A rootin’-tootin’ good time

A few years ago I went to a rodeo in a country town in New South Wales. I like rodeos, the carnival atmosphere, the celebration of our pioneering heritage, the opportunities for singles from far-flung rural outposts to meet and match up. My grandfather was a professional horse-breaker, a drover and a rodeo champion.

It was a beautiful sunny day. I lounged on a grassy bank, drinking beer and enjoying  the spectacle in the arena, the fearlessness and skill of the contestants and also the passing parade, young men and women dressed flamboyantly in studded, spangled, embroidered jeans and shirts, beautifully tooled boots and hats to die for, swaggering and posing, flirting, generally having an outrageously good time.

After a while I felt the need to empty my bladder and headed for the toilet block. The organisers, in their wisdom, had declared the toilets unisex, so that there was a line of people, male and female, waiting for the next available cubicle. Immediately in front of me was a young cowboy, in his going-to-town finery, and in front of him a pretty cowgirl similarly attired. They were engaged in some mildly inebriated cuddling and whispering.

When the cowgirl’s turn came, she strode up to the toilet, disappeared for a few moments, then re-emerged and called out “Do you want a root or not?”

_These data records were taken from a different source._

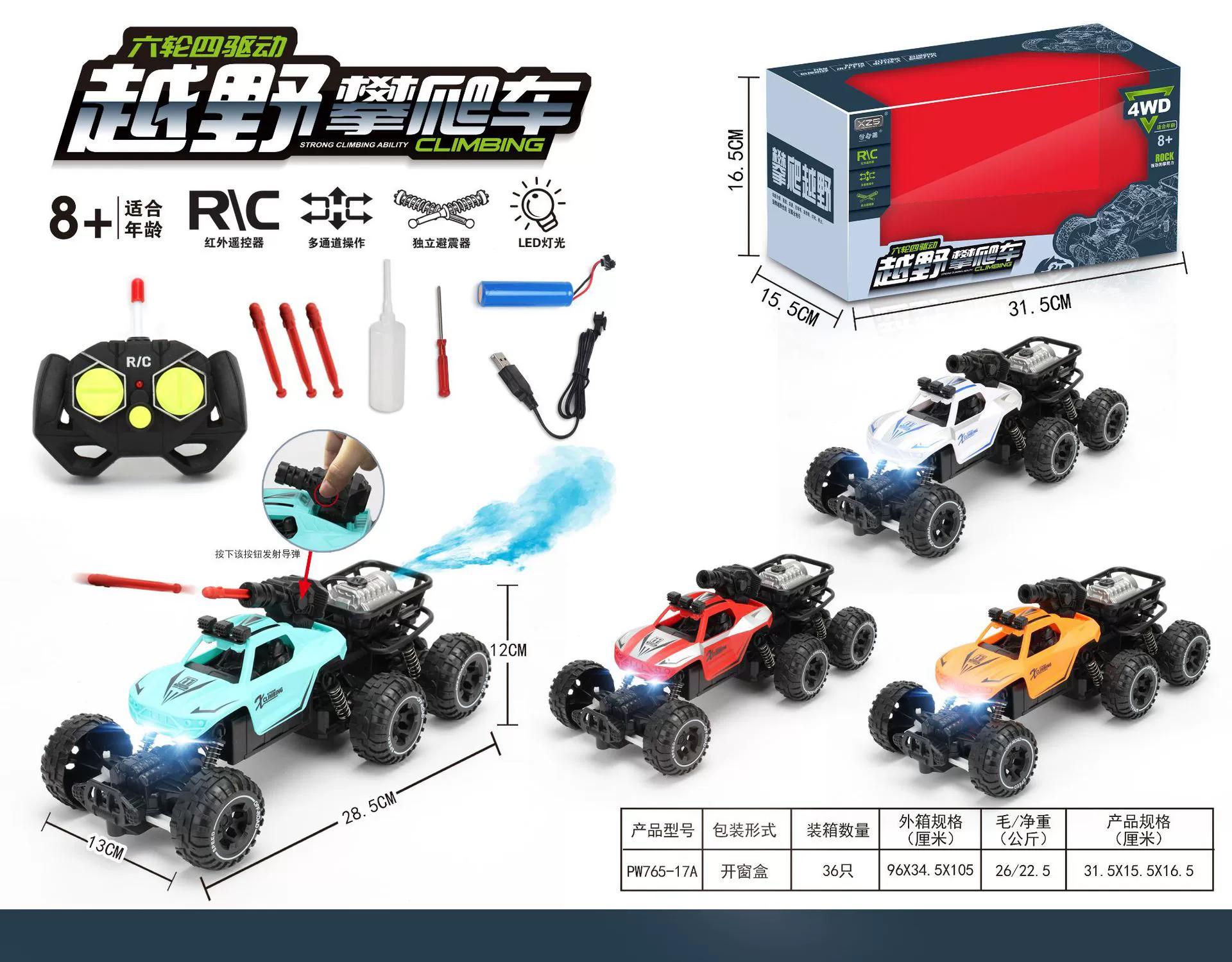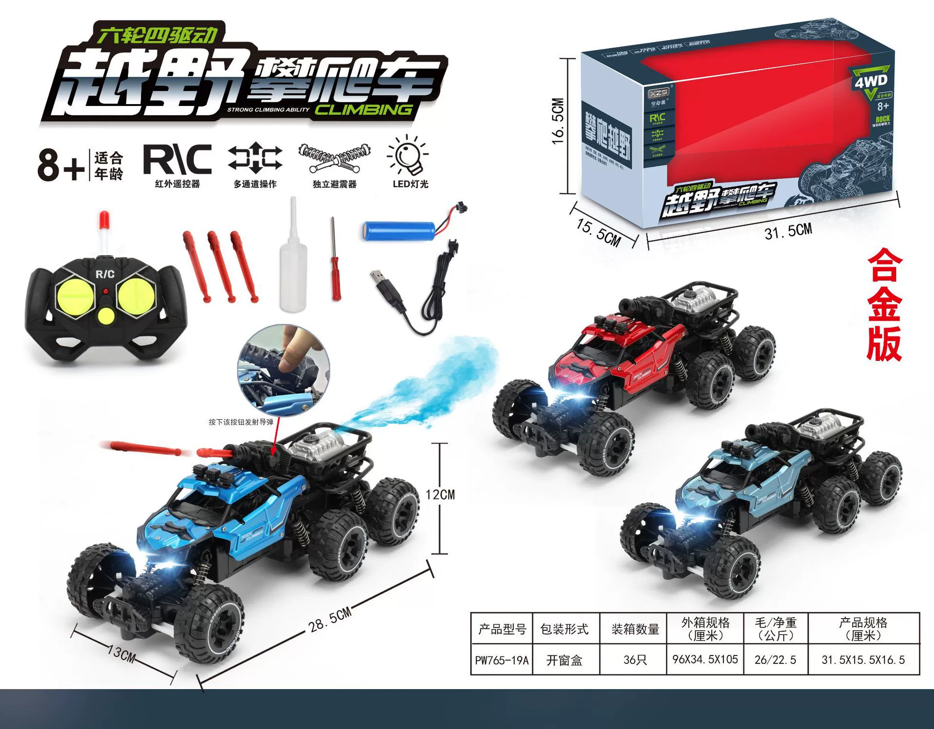 | nameOriginal | Extra large children's remote control car charging remote control car toy high-speed four-wheel drive off-road vehicle spray climbing car for boys |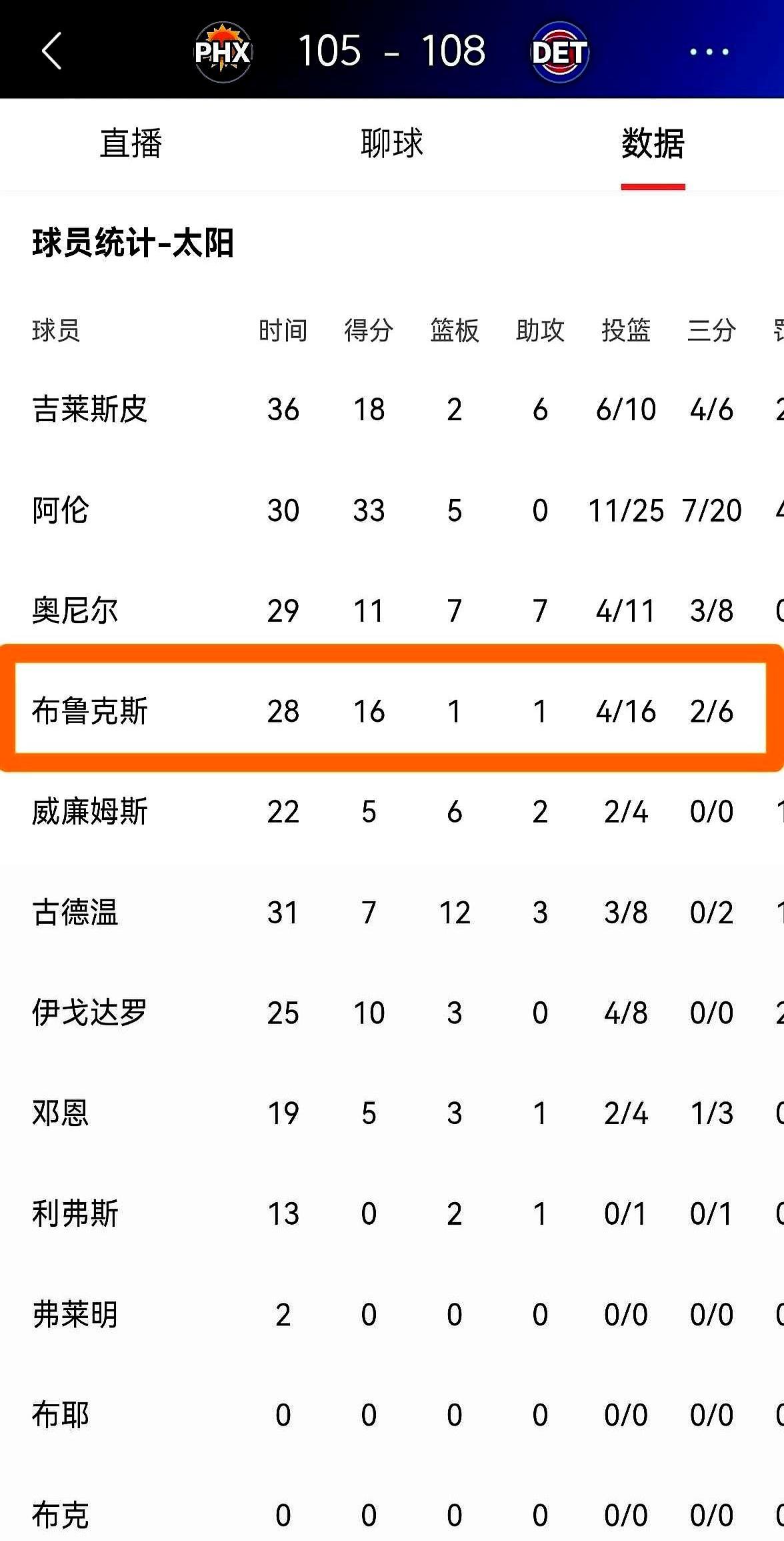 狄龙6犯离场,太阳输3分 29分钟,16投4中,三分6中2,正负值-15全队最差。第四节还剩两分钟,他领到第六次犯规,板凳席只能看着活塞罚球稳住局面。 布克不在,教练把开火权塞给狄龙。球一到他手里,基本就出手,哐哐打铁声比计分器跳得还快。更糟的是,一次一级恶意犯规直接把节奏送给对面。 这赛季他场均21分,三分投得比往年都多,技术犯规也冲到联盟第一。硬是他的招牌,可硬过头就成了双刃剑:防不住脾气,也防不住自己。 太阳现在西部中游,想往上爬,狄龙得学会在强硬和冷静之间找平衡。下次客场,别再让板凳席提前穿上外套。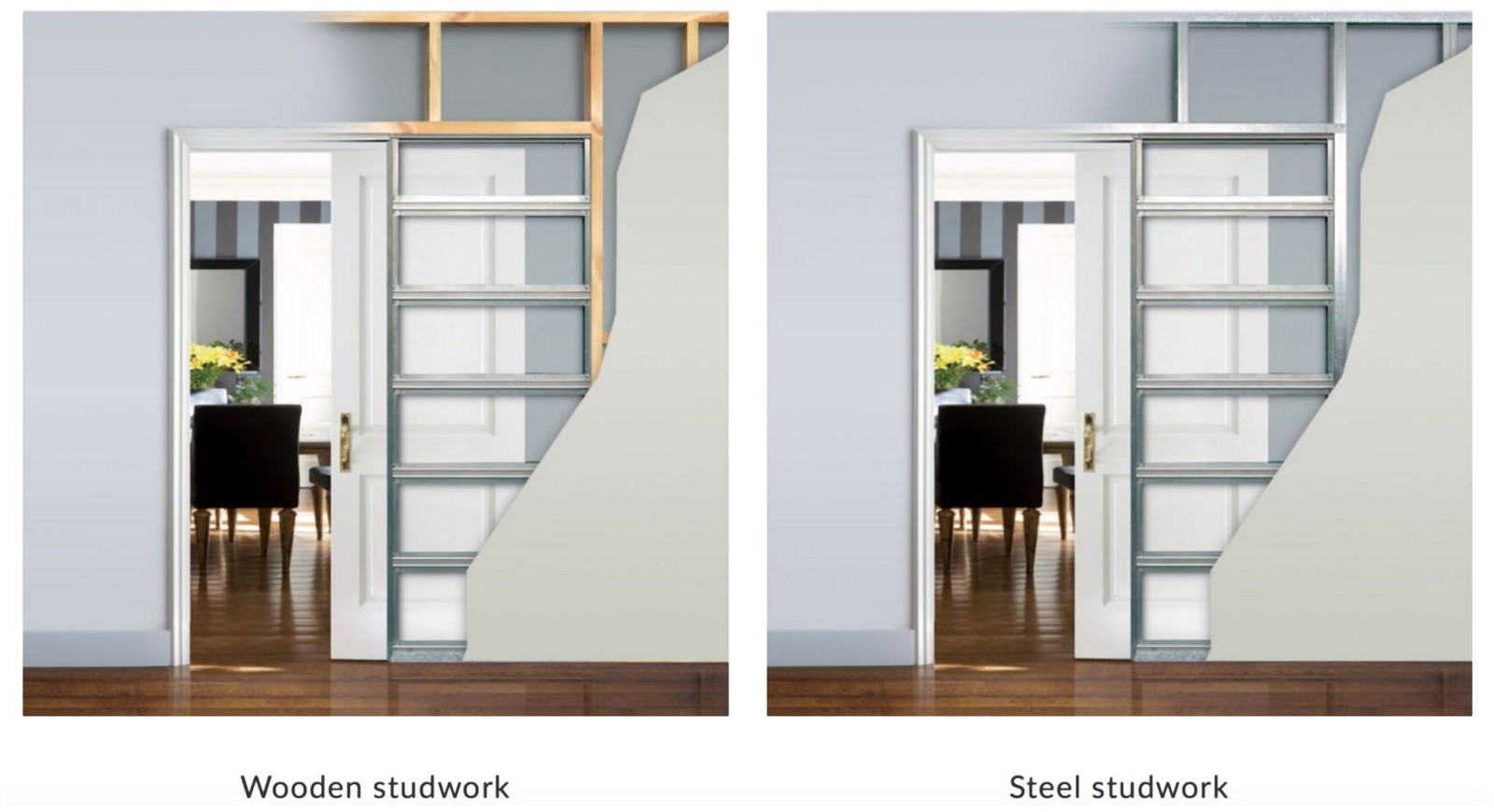Eclisse EKQ2880 28x80 Pocket Door System Steel Frame Kit in Silver

The startled young man in front of me piped up “Yeah!”

“Well come on then!” she cried challengingly, whereupon the object of her desire sprang forward and joined her in the cubicle.

From the ranks of those waiting, amid the general hilarity, came a masculine chorus of “What about me?” “Can I have one too?”  and “I’m next, OK?” A few female voices added “Can you wait while I have a pee?” and “Good on you honey! Go for it!”